═════ COLLECTED MATERIAL ═════

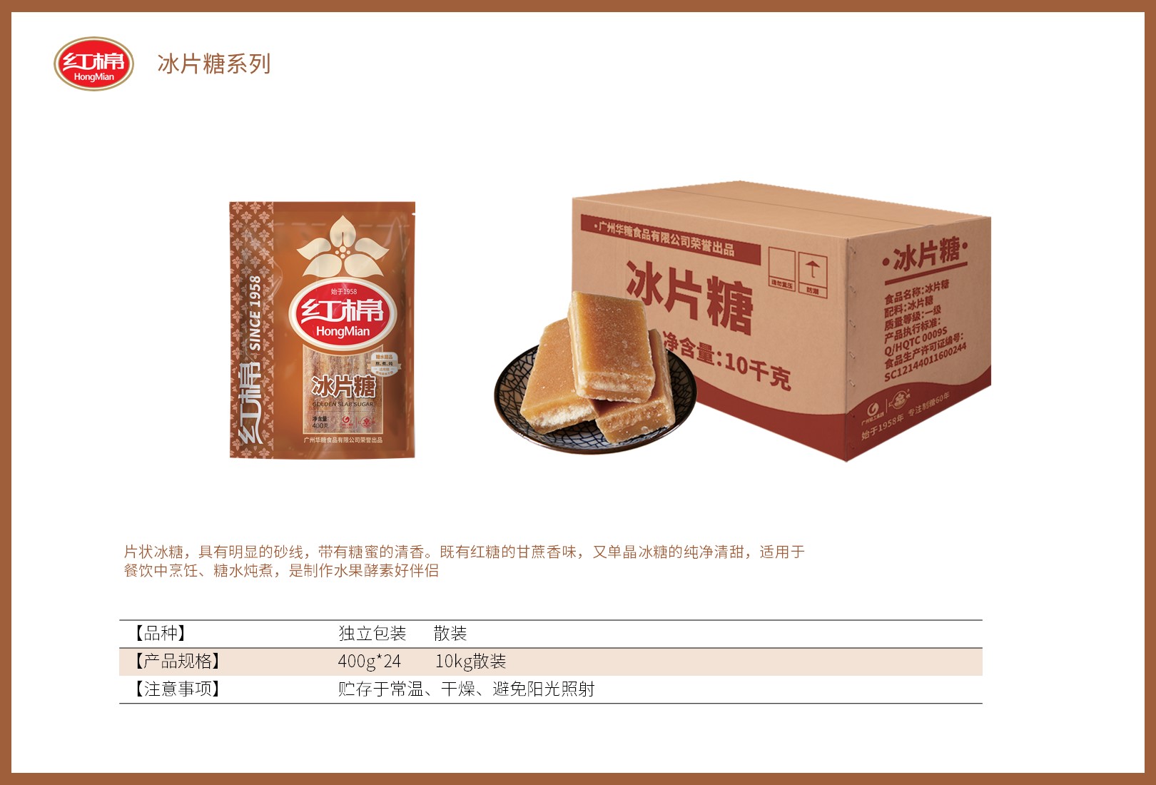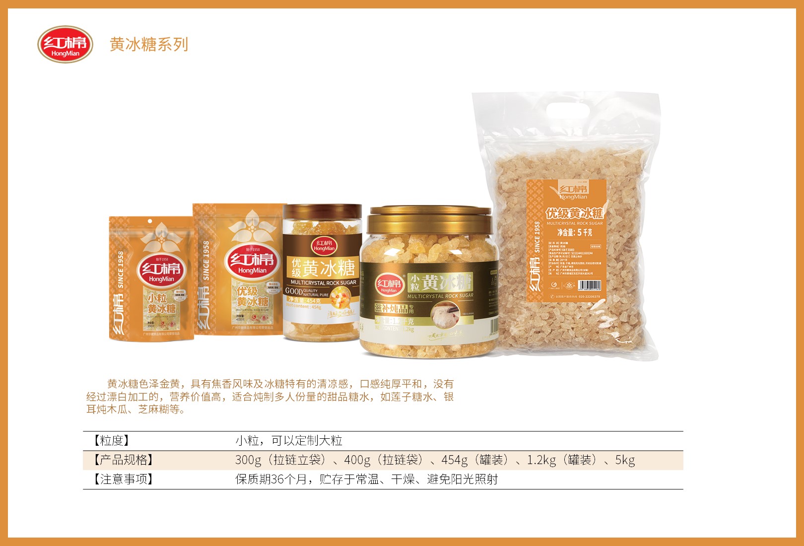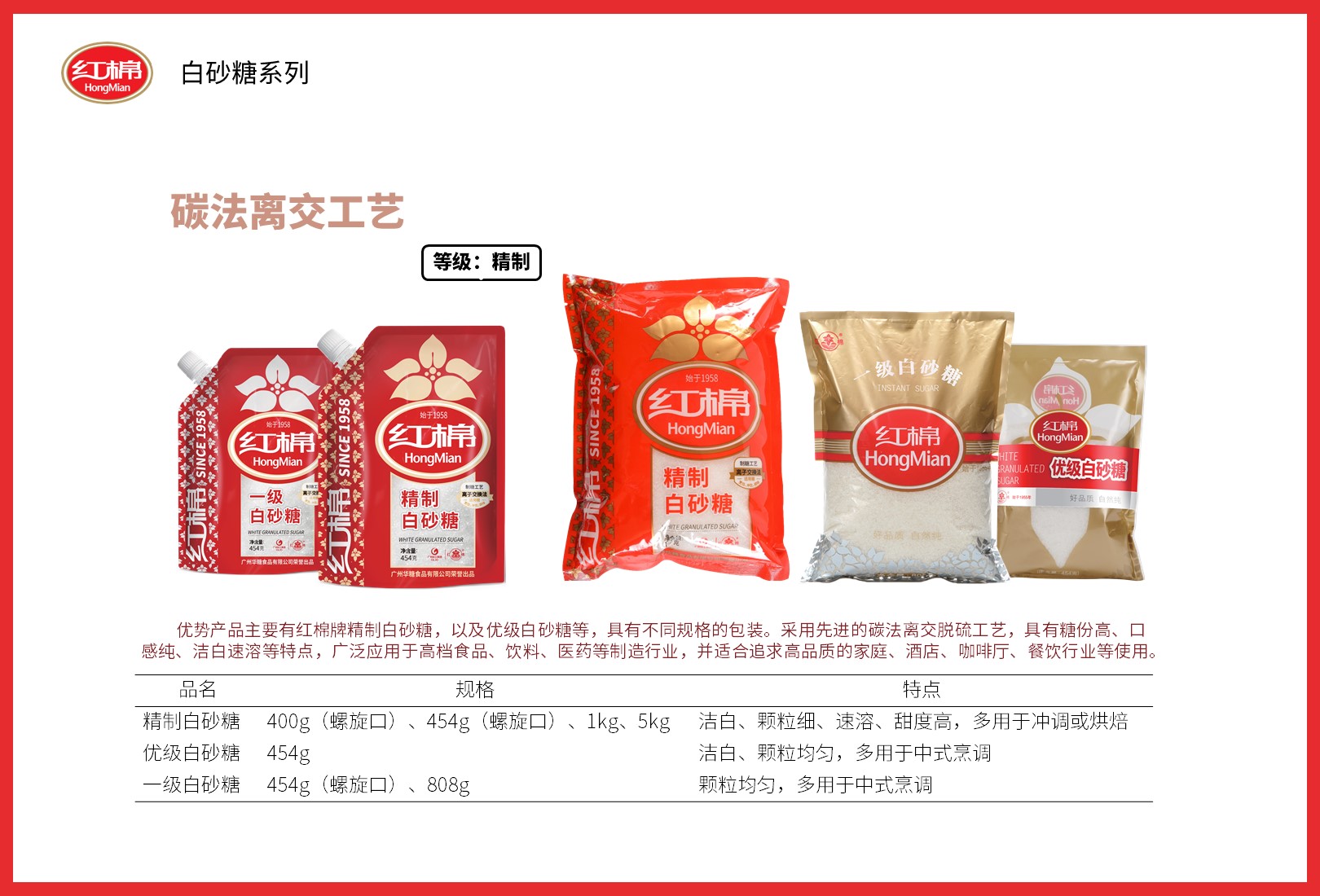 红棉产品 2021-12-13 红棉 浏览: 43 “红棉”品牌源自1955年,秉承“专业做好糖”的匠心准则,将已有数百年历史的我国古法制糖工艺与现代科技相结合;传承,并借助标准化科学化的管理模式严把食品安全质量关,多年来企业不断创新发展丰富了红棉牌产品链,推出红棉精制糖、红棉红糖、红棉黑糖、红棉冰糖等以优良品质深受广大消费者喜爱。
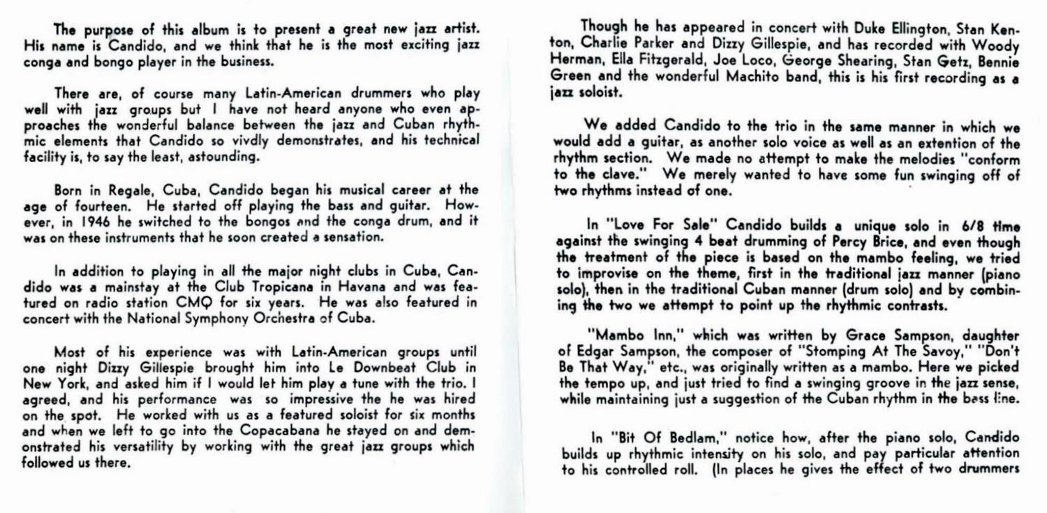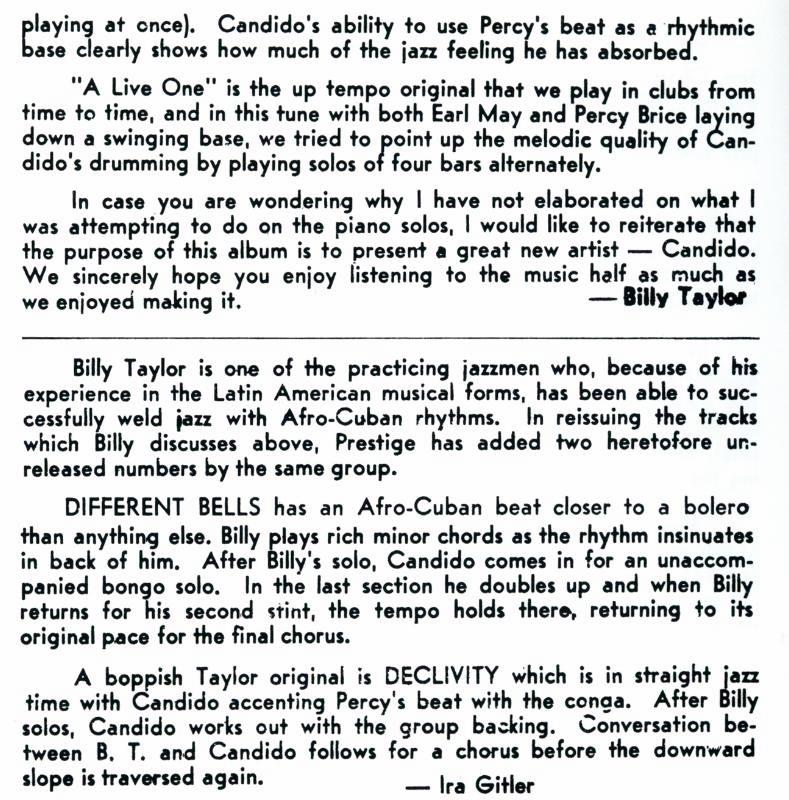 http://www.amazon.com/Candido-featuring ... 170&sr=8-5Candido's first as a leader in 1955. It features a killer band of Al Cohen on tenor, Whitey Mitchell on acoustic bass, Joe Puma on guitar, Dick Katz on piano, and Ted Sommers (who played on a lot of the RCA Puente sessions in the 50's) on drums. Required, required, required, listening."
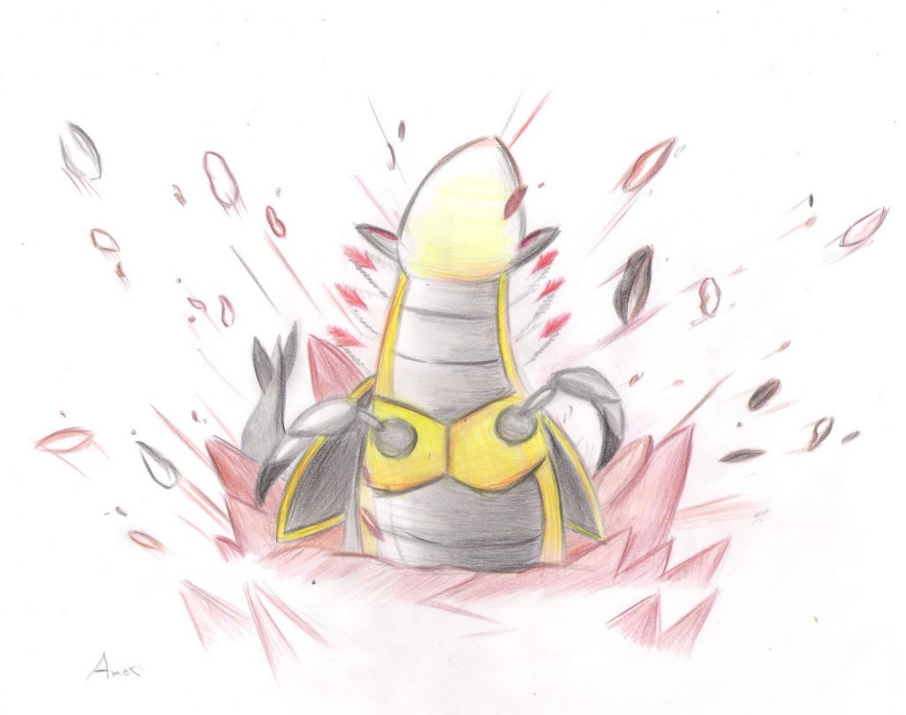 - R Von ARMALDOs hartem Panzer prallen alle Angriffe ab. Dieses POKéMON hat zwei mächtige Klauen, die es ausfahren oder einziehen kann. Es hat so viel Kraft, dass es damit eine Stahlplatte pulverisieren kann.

═════

WORK REQUEST:
What you give back should be the full material above, retyped exactly, with every image removed.

RESULT OF THIS TASK:
 红棉产品 2021-12-13 红棉 浏览: 43 “红棉”品牌源自1955年,秉承“专业做好糖”的匠心准则,将已有数百年历史的我国古法制糖工艺与现代科技相结合;传承,并借助标准化科学化的管理模式严把食品安全质量关,多年来企业不断创新发展丰富了红棉牌产品链,推出红棉精制糖、红棉红糖、红棉黑糖、红棉冰糖等以优良品质深受广大消费者喜爱。
 http://www.amazon.com/Candido-featuring ... 170&sr=8-5Candido's first as a leader in 1955. It features a killer band of Al Cohen on tenor, Whitey Mitchell on acoustic bass, Joe Puma on guitar, Dick Katz on piano, and Ted Sommers (who played on a lot of the RCA Puente sessions in the 50's) on drums. Required, required, required, listening."
 - R Von ARMALDOs hartem Panzer prallen alle Angriffe ab. Dieses POKéMON hat zwei mächtige Klauen, die es ausfahren oder einziehen kann. Es hat so viel Kraft, dass es damit eine Stahlplatte pulverisieren kann.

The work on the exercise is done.